The inherent temporal redundancy in videos, where adjacent frames largely overlap, introduces fundamental inefficiencies for current video multimodal large-scale language models (video MLLMs). These models typically treat each sampled frame as an independent image, leading to redundant visual tokens and high computational costs. The new approach detailed in arXiv challenges this paradigm by proposing a more dynamic and efficient video interface.
Visual TL;DR. Video MLLM Inefficiency Problem AdaCodec was introduced. The inefficiency of video MLLM leads to temporal redundancy. Introduced AdaCodec uses predictive visual coding. Predictive visual coding leads to selective frame encoding. Predictive visual coding produces compact P tokens. Selective frame encoding reduces the number of tokens. The compact P token contributes to reducing the number of tokens. Efficiency is increased by reducing the number of tokens. The reduced number of tokens provides better performance.
Video MLLM inefficiency: Treating adjacent frames as independent images results in redundant tokens
Temporal redundancy: Adjacent video frames largely overlap, causing high computational costs.
Introducing AdaCodec: A new dynamic and efficient video interface for MLLM
Predictive visual coding: Intelligently manage visual token transmission based on scene predictions.
Selective frame encoding: Send a complete reference frame only when scene prediction is unreliable.
Compact P token: Encodes frame-to-frame changes such as motion and prediction residuals.
Reduced number of tokens: Significantly minimize the visual tokens required to understand the video.
Increased efficiency: Significantly reduce tokenization costs and latency for video MLLM.

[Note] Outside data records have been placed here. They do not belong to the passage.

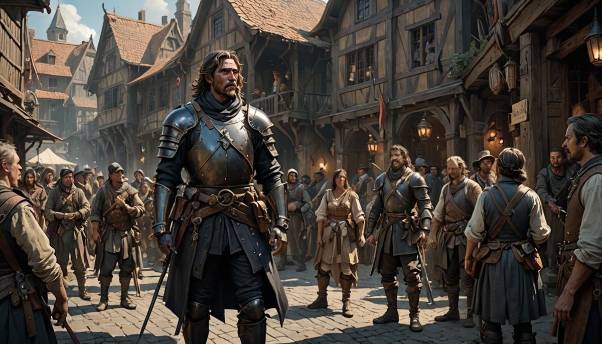 A dramatic dark fantasy scene of a 17th-century market town. Citizens with muskets gather before a hostelry, while women and children flee. Volumetric lighting and chiaroscuro create a mysterious atmosphere. As digital artwork in an Artstation style.
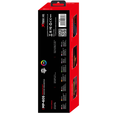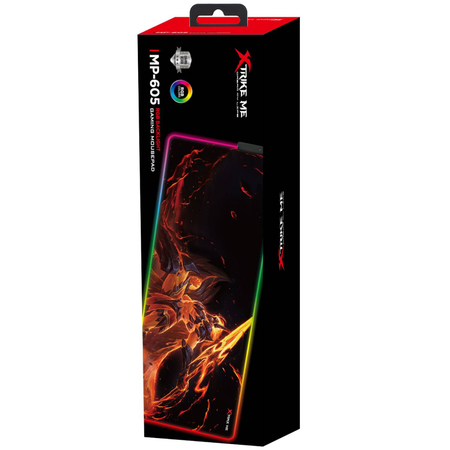 Ігрова поверхня великого розміру XTRIKE ME MP-605 підходить для оптичних та лазерних мишок з будь-якою чутливістю та типом сенсора. Ігровий характер килимка підкреслює сміливий динамічний дизайн. Ігрова поверхня виготовлена з міцної та гладкої тканини, що забезпечує високу швидкість переміщення миші та точне відстеження курсору. Краї ігрової поверхні оздоблені світлодіодною стрічкою із 13 режимами. Прогумована основа надійно фіксує ігрову поверхню XTRIKE ME MP-605 на столі та запобігає її зміщенню навіть під час найзапекліших онлайн змагань. Великий розмір дозволяє одночасно розмістити клавіатуру та мишку.
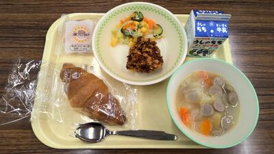今日の給食:牛乳、バターロール、チキンスープスパゲッティ、ごぼうのみそドレッシングサラダ
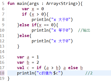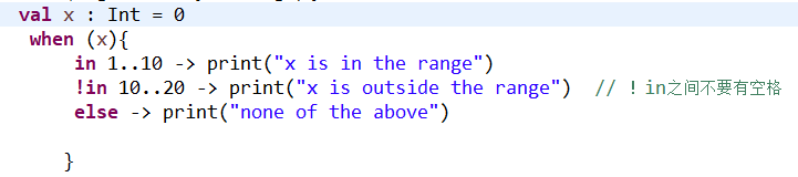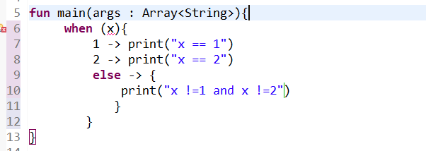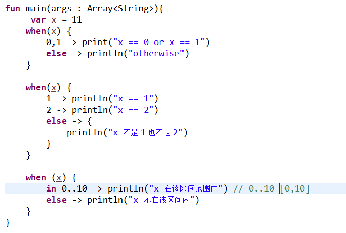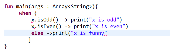 when也可以用来取代if-else if链,如果不提供参数,所有的分支条件都是简单的布尔表达式。而当一个分支的条件为真时则执行该分支:

Better performance: Achieve better results with a fraction of your computational budget.
Visual TL;DR
Reduce redundancy with predictive visual coding
The core of the innovation lies in a “predictive visual code” that intelligently manages the transmission of visual tokens. This system, instantiated as AdaCodec, does not fully encode every frame, but instead selectively sends a complete reference frame only when the scene prediction is unreliable. Otherwise, compact “P-tokens” are used to encode changes between frames, including motion and prediction residuals. This adaptation strategy significantly minimizes the number of visual tokens required to understand the video.
Significant improvements in efficiency and performance
AdaCodec shows significant improvement over the baseline Qwen3-VL-8B model across 11 benchmarks. Even with a significantly reduced token budget (1/7), AdaCodec using 32,000 tokens outperforms the 224,000 baseline on all long video benchmarks. Additionally, on common video benchmarks, not only does the average score improve, but the time to first token decreases from 9.26 seconds to just 1.62 seconds. This leap in efficiency makes real-time video analysis and interaction much more achievable.